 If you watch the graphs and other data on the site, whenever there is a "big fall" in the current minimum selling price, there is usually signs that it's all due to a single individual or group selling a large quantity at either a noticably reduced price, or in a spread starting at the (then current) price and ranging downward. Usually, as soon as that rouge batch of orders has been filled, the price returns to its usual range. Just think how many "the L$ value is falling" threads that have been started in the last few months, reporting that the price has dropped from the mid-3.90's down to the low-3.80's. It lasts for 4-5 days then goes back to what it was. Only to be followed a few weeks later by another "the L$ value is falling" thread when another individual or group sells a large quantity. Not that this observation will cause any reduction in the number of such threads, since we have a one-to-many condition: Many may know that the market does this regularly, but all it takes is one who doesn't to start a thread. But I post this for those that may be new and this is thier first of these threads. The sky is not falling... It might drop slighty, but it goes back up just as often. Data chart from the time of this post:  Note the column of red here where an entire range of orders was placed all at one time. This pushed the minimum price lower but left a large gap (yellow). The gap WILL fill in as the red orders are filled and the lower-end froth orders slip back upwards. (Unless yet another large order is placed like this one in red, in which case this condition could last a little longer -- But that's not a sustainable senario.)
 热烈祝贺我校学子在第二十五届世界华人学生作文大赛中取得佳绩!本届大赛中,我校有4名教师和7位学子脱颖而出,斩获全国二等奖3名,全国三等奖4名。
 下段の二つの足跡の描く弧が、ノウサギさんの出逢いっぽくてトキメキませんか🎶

...

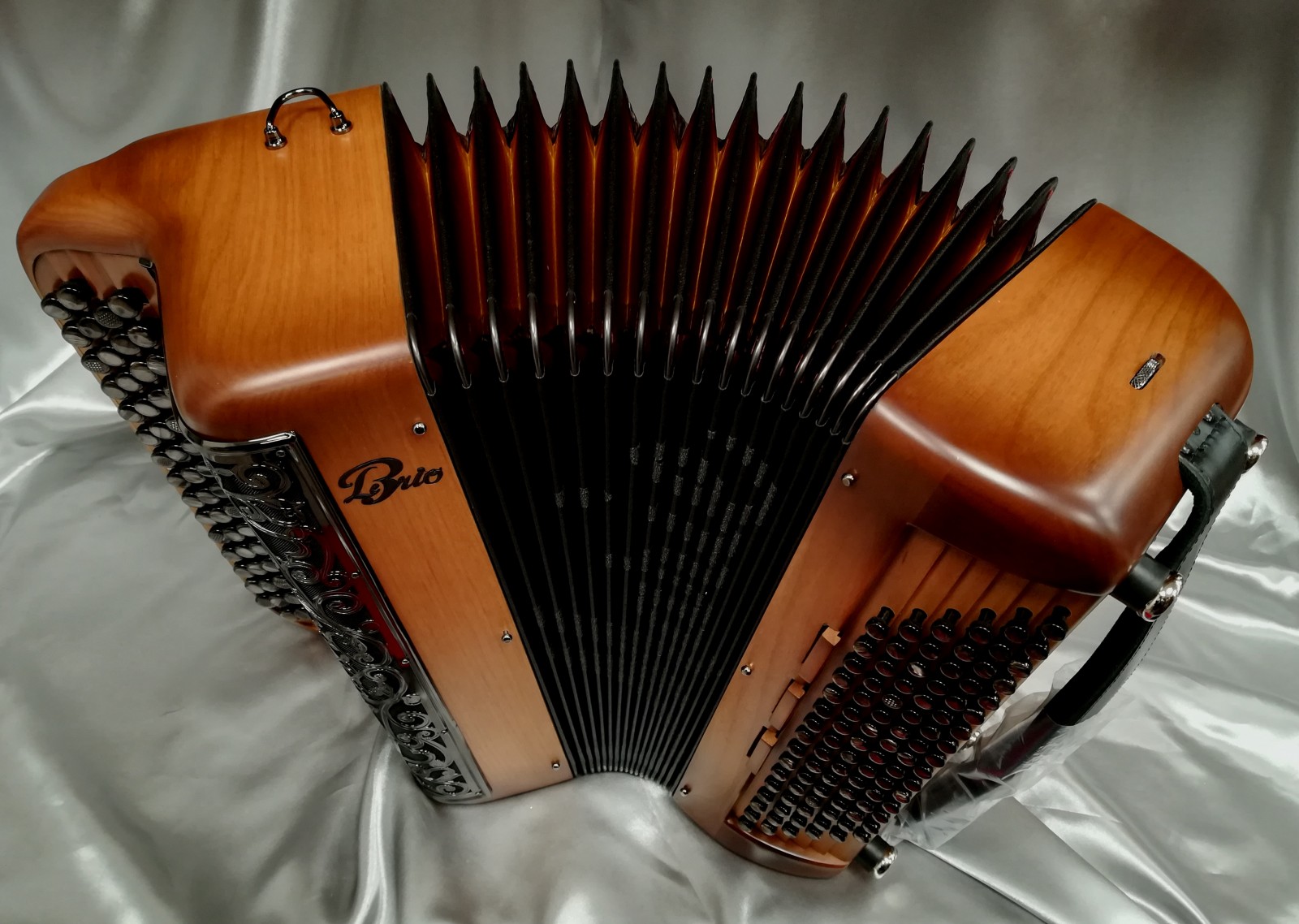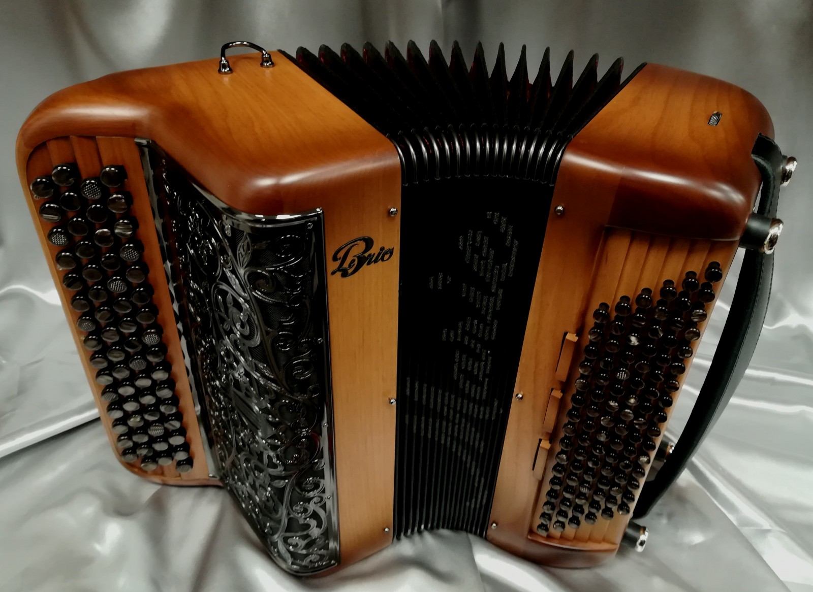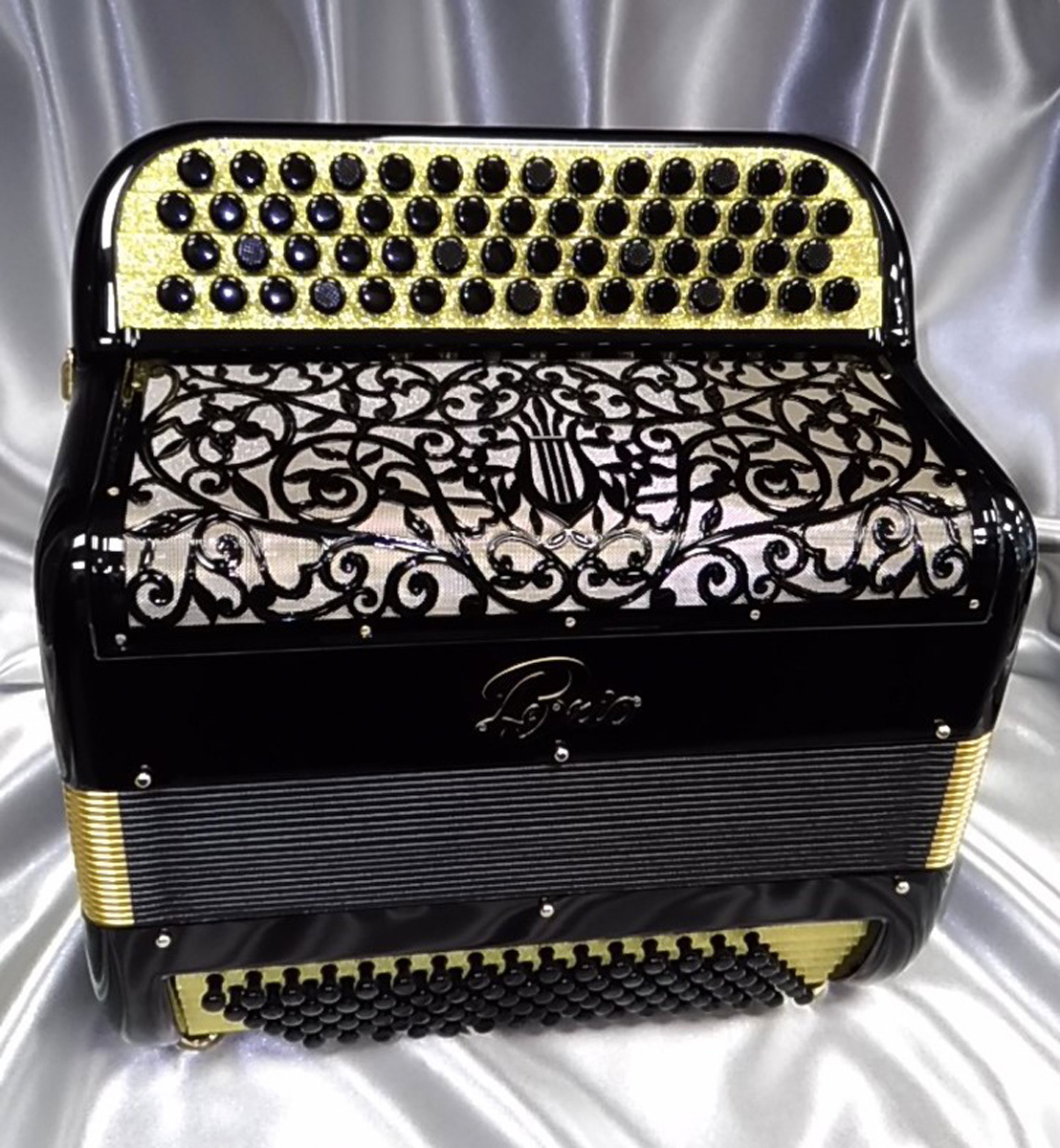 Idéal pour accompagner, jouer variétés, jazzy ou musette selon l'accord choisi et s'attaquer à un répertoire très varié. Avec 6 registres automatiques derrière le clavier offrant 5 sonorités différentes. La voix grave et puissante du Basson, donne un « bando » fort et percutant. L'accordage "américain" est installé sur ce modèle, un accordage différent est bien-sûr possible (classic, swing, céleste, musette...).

---

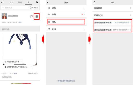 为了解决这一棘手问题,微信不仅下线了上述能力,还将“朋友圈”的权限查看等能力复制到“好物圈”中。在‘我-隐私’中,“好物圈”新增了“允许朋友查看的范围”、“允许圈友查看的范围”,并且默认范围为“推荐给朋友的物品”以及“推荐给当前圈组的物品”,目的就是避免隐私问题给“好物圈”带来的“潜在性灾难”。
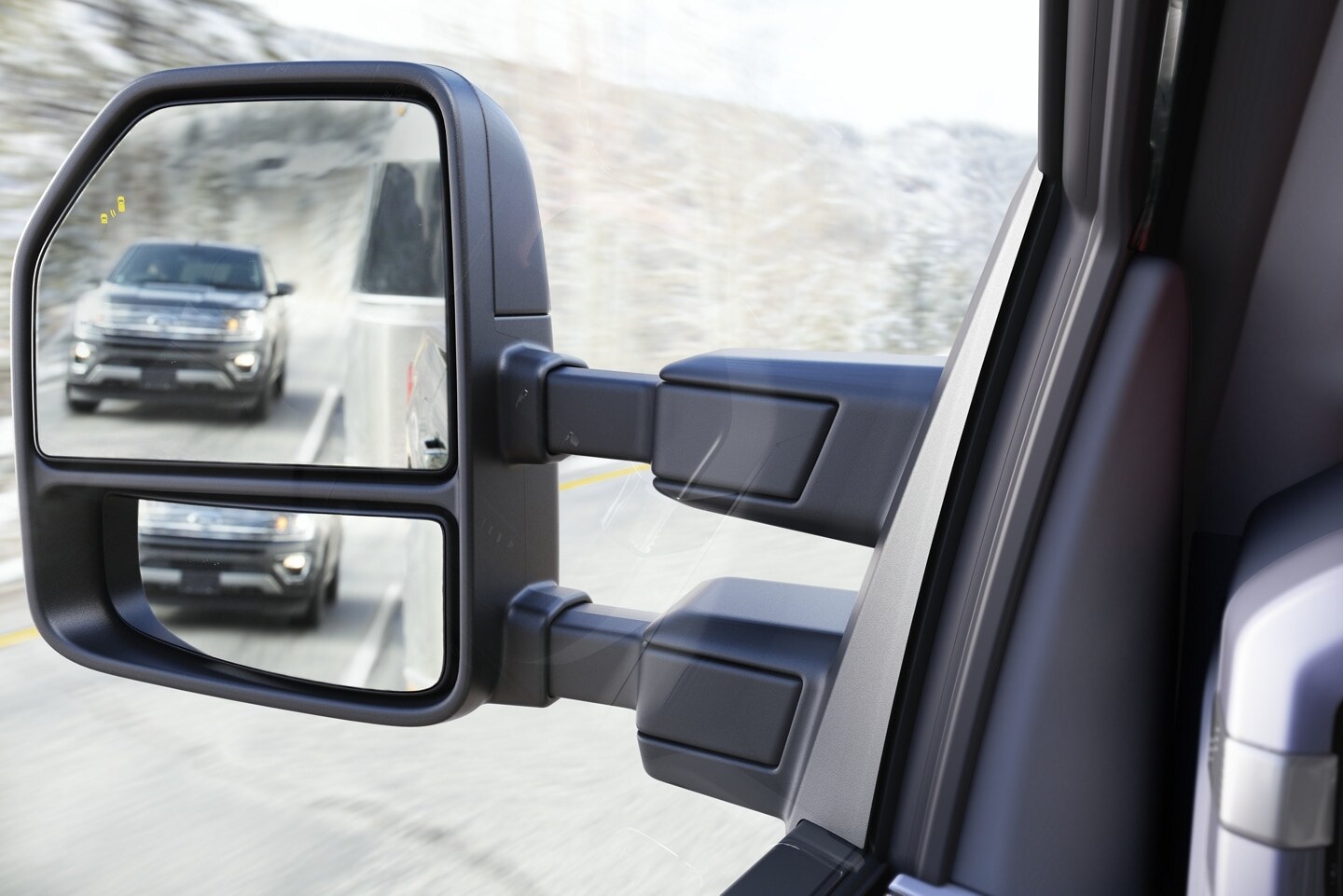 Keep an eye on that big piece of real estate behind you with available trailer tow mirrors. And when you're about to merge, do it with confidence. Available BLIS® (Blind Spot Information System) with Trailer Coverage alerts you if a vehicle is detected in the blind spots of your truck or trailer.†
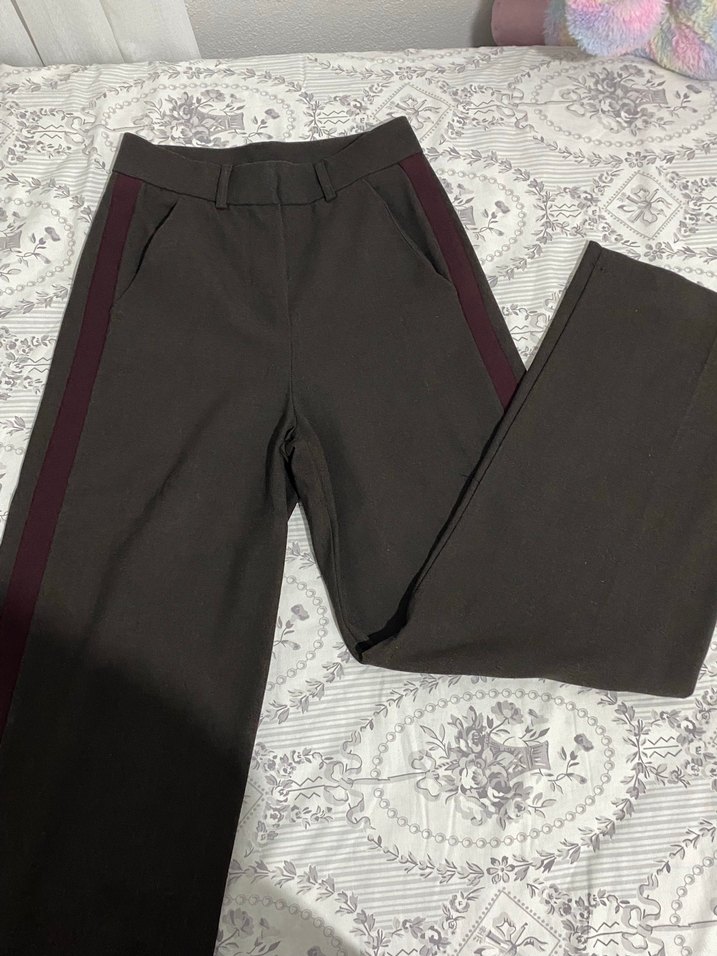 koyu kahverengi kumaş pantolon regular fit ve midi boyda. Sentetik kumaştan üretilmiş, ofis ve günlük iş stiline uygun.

(WHAT THE EXERCISE ASKS):
For this exercise, please set down exactly the lines of the listing above from the line with "Keep an eye" up to and including the line with "koyu kahverengi kumaş", and no pictures.

(SOLUTION):
 Keep an eye on that big piece of real estate behind you with available trailer tow mirrors. And when you're about to merge, do it with confidence. Available BLIS® (Blind Spot Information System) with Trailer Coverage alerts you if a vehicle is detected in the blind spots of your truck or trailer.†
 koyu kahverengi kumaş pantolon regular fit ve midi boyda. Sentetik kumaştan üretilmiş, ofis ve günlük iş stiline uygun.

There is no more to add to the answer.